▶ **Assignment**: Pictures left aside, return the lines below exactly, from the one with "Con un fuerte" to the end, including both ends.

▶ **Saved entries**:
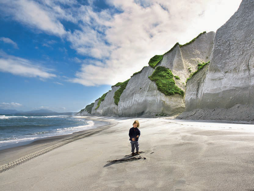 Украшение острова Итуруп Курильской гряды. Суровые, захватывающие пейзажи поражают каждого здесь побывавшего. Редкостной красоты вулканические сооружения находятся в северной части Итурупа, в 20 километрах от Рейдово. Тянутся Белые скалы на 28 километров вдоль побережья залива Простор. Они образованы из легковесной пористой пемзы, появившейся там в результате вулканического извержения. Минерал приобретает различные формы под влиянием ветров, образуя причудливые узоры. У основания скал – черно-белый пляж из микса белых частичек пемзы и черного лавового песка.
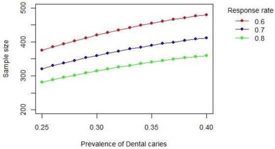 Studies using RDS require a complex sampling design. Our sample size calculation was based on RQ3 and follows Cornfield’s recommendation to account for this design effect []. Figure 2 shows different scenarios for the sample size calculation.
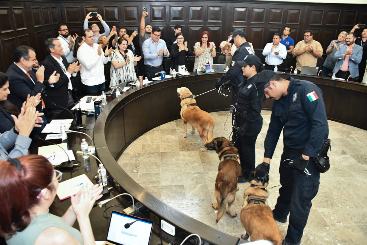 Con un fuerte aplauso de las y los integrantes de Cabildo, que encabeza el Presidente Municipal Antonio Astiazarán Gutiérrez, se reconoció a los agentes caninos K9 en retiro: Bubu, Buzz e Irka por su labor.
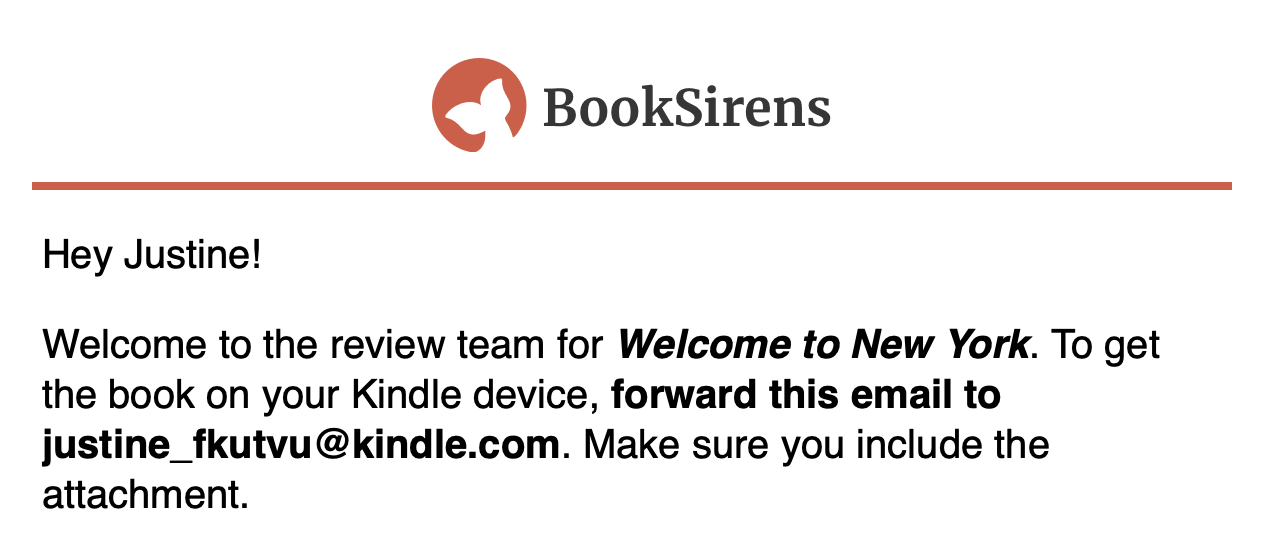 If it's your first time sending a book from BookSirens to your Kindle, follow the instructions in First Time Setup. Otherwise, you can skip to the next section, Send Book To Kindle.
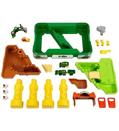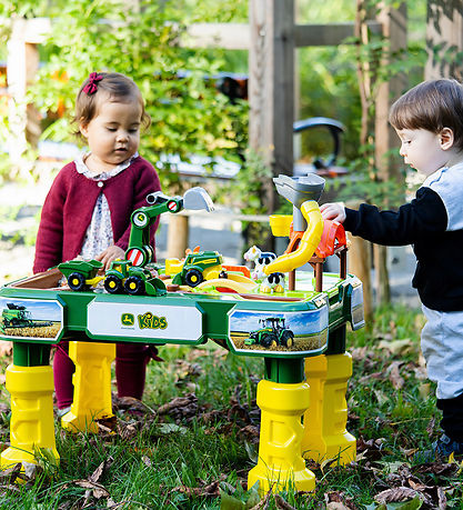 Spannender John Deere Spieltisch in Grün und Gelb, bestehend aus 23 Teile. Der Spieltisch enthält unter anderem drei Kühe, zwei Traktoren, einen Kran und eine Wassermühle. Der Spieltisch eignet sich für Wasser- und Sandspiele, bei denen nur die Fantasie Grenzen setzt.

▶ **Answer box**:
 Con un fuerte aplauso de las y los integrantes de Cabildo, que encabeza el Presidente Municipal Antonio Astiazarán Gutiérrez, se reconoció a los agentes caninos K9 en retiro: Bubu, Buzz e Irka por su labor.
 If it's your first time sending a book from BookSirens to your Kindle, follow the instructions in First Time Setup. Otherwise, you can skip to the next section, Send Book To Kindle.
 Spannender John Deere Spieltisch in Grün und Gelb, bestehend aus 23 Teile. Der Spieltisch enthält unter anderem drei Kühe, zwei Traktoren, einen Kran und eine Wassermühle. Der Spieltisch eignet sich für Wasser- und Sandspiele, bei denen nur die Fantasie Grenzen setzt.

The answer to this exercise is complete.